The numbers land where the papers predict: Artemis's UCR chained-voting has the fewest round-trips per commit, so on a real network it beats Opt Sync (which was ahead on loopback, because Opt Sync is timer-driven and less sensitive to per-syscall overhead).

Reproducing the benchmark

Prerequisites:

AWS account with EC2 access (ec2:RunInstances, ec2:DescribeImages, SG/VPC/keypair create/delete). No ssm:GetParameter needed.
aws CLI authenticated in the target region.
Python 3.11+, rsync, ssh.

Steps (from the repo root):

# One-time setup
python3 -m venv scripts/venv
scripts/venv/bin/pip install -r scripts/requirements.txt
cd scripts
source venv/bin/activate

# Provision 7 × c6g.large in us-east-1a. Writes key + instance IDs
# into `scripts/state/aws.json`. ~3-5 min. \$0.48/hr from here.
fab provision

# Install Rust + build deps (clang, cmake, rocksdb, ...) in parallel.
fab install

# Sync the repo to node 0 and build the release binaries there;
# distribute them to the other 6. Takes ~15 min on c6g.large.
fab sync-src
fab build

# Full sweep: every (protocol, n:f) × runs times. Writes client.logs
# + parsed {throughput, latency} JSON under
# `scripts/state/results/<timestamp>-<tag>/`.
fab bench --runs 3 --configs 3:1,7:3 --tag main

# Parse the raw logs and render PNGs + summary CSV into `benchmarks/`.
fab plot

# Tear down all AWS resources tracked in state/aws.json.
fab teardown

Each command is idempotent-ish (rerunning fab build is a cargo incremental build, fab bench writes to a new timestamped subdir). Leaving a cell failed mid-sweep doesn't trigger auto-teardown — the script explicitly preserves state so you can SSH in and debug, then fab teardown when you're done.

Budget for a clean full sweep: ~60-90 minutes wall-clock, ~$0.50-$0.80.

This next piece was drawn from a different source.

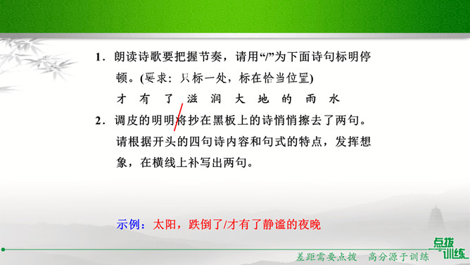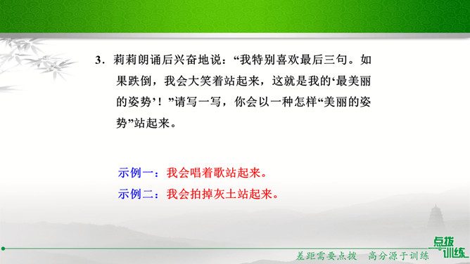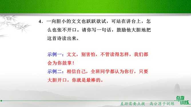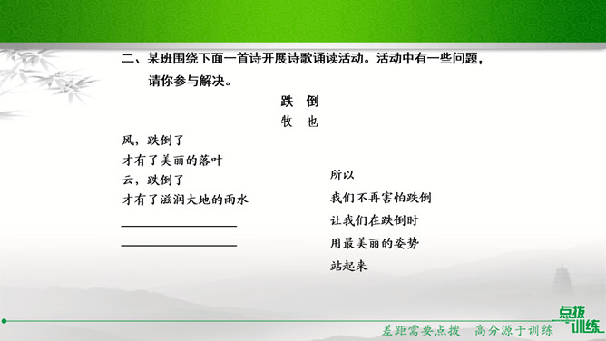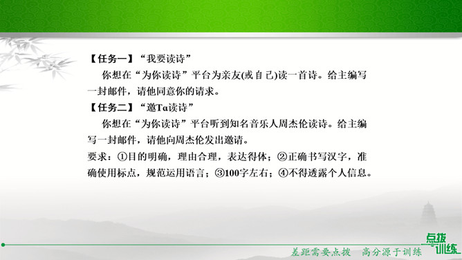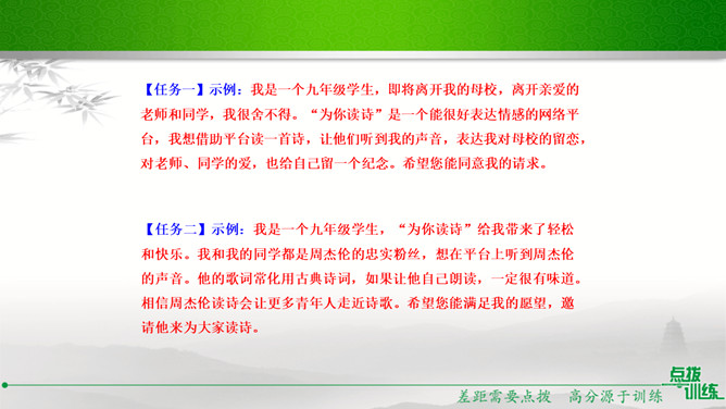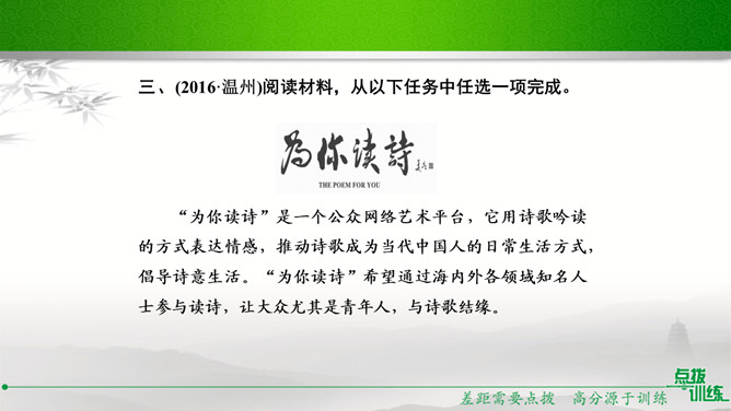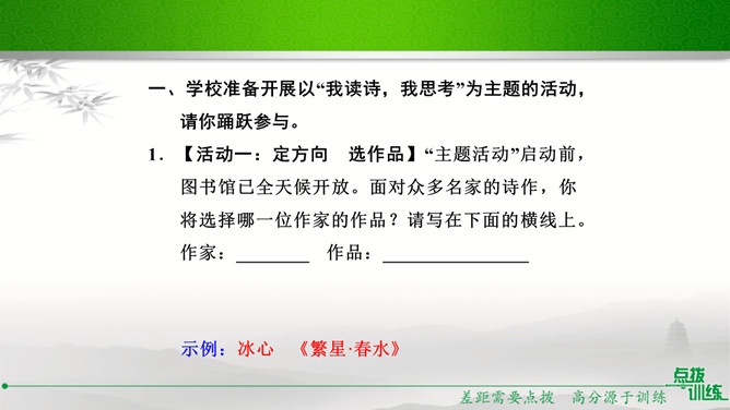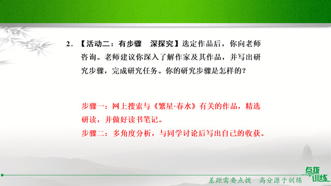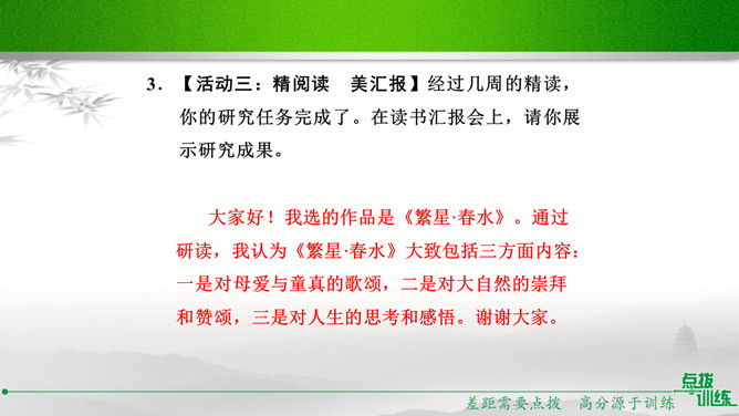 学校准备开展以“我读诗,我思考”为主题的活动,请你踊跃参与。选定作品后,你向老师咨询。老师建议你深入了解作家及其作品,并写出研究步骤,完成研究任务。你的研究步骤是怎样的?步骤一:网上搜索与《繁星·春水》有关的作品,精选研读,并做好读书笔记。步骤二:多角度分析,与同学讨论后写出自己的收获。经过几周的精读,你的研究任务完成了。在读书汇报会上,请你展示研究成果。通过研读,我认为《繁星·春水》大致包括三方面内容:一是对母爱与童真的歌颂,二是对大自然的崇拜和赞颂,三是对人生的思考和感悟。谢谢大家。所属专题:自由朗诵ppt。

Adapting to your own workload

Different instance type or region: fab provision --instance-type m7g.medium (ARM/Graviton only -- the default AMI is al2023-ami-*-arm64; to use an x86 instance, swap DEFAULT_AMI_NAME_GLOB in fabfile.py for an x86_64 glob). fab provision --region us-west-2 for a different region.
Different block / workload size: fab bench --block-size 1000 --total-txs 200000 --window 20000 ....
Different sweep shape: fab bench --protocols artemis,optsync --configs 3:1,7:3,15:7 --runs 5.

Debugging mid-sweep

The harness is designed to hand over control when something goes sideways:

fab status          # list instances + estimated hourly cost
fab ssh --node 0    # print the ssh command (manually attach a shell)
fab logs --node 0   # tail `bench/run/node.log` from the remote host
fab stop            # kill the tmux session on every node, leave instances up
fab teardown        # destroy everything when you're done

Each task is re-runnable on its own; fab -l lists them and fab <task> --help prints per-option flags.

`benchmarks/` contents

Every successful fab plot produces:

throughput.png, latency.png -- grouped bar charts, one bar per protocol per config, error bars = min/max across runs
summary.csv -- one row per (protocol, config) with min / median / max for both metrics
manifest.json -- the sweep parameters (block size, window, number of runs, AMI, region, instance count)

Every raw run is preserved under scripts/state/results/<stamp>-<tag>/<proto>-n<n>-f<f>/run-<r>/: client.log (full stdout+stderr including DP lines) and a parsed throughput_ms.json. fab plot can re-render from any prior sweep via fab plot --results <stamp>-<tag>.